5. Managerial Insights
The results of this work can be used to design and improve switchgrass logistics. Storage days are associated with most of the variance, followed by particle size, bale weight and wrap material. The supply of biomass should be mostly designed and implemented according to the storage days with best performance regarding feedstock quality and then, a just-in-time philosophy can lead to get the right quantity of feedstock at the right place and the right time. To achieve this goal, prediction models are needed to generate valuable information.
Weight of the bale and particle size are related to feedstock composition. Therefore, this information becomes relevant to design the bale and all the logistics (e.g., handling and transportation).

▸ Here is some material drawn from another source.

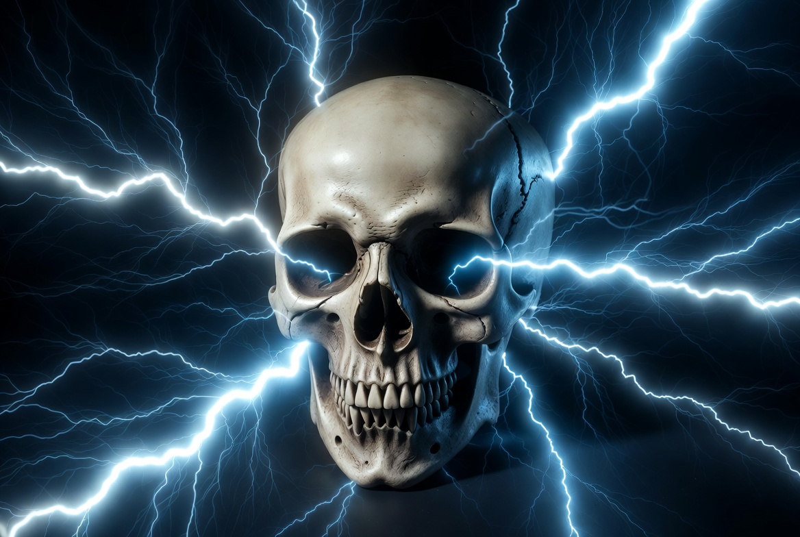 A skull is shown surrounded by bolts of electric light in a dark setting. The contrast creates a striking visual effect and focus.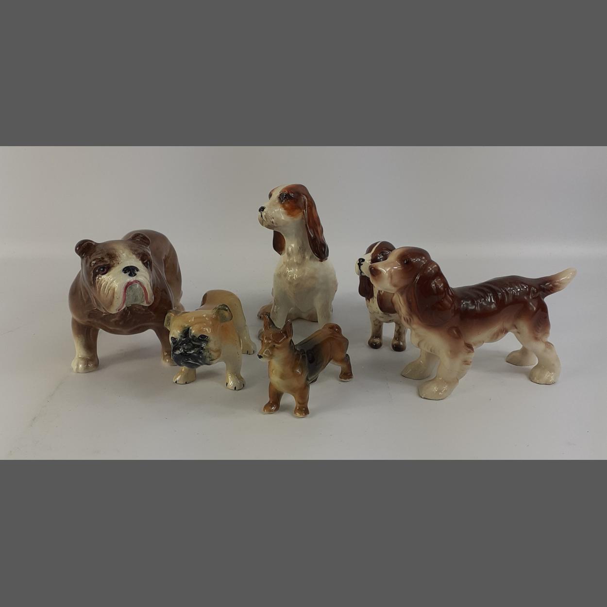 A pack of ceramic dogs which includes a Unicorn hand-painted Spaniel (model 212) and a BESWICK brown and white Spaniel as well as four others. The Pug has a break to the leg otherwise good condition.

Since storage days, particle size, weight of the bale and wrap material affect the switchgrass quality; statistical tools can also be used to track the quality performance of switchgrass bales and detect important deviations from specifications. This detection can lead to finding the root causes, assuring that the required biomass quality for the conversion process is met.
6. Future Work
Storage days are the most relevant factor in this study. Thus, future research should increase the knowledge in this particular factor. This work introduced three different storage periods. However, relevant information within those periods might need further investigation. Prediction models to better estimate the chemical composition in feedstock should be based in time-series analysis (e.g., moving average, exponential smoothing, regression analysis, and autoregressive integrated moving average, among others). In order to develop such models, it is recommended to gather sufficient data and adopt a multivariate approach. The insights related with storage days can be utilized to set restrictions in decision models. For instance, the bale of switchgrass cannot be stored for more than days due the changes in chemical composition. Moreover, this can be reflected in the objective function of an optimization model by including the opportunity cost in a profit or cost function.
Quality assurance is also a promising area of research due to its role in the reliability and economically feasibility of bioenergy production. Development of tools such as statistical quality control within a multivariate frame is a plausible approach since biomass has several properties that are involved within its energy extraction. Assuring that these properties meet the specifications is vital to detect and prevent any issues in the conversion process.
Physical constitution of feedstock bales is also a promising line of research, the weight and the particle size can be critical in logistical decisions because they affect the chemical composition and, hence, the production yield of biofuels. Therefore, more research including factors related to physical properties in the biomass supply chain decision making and management is needed.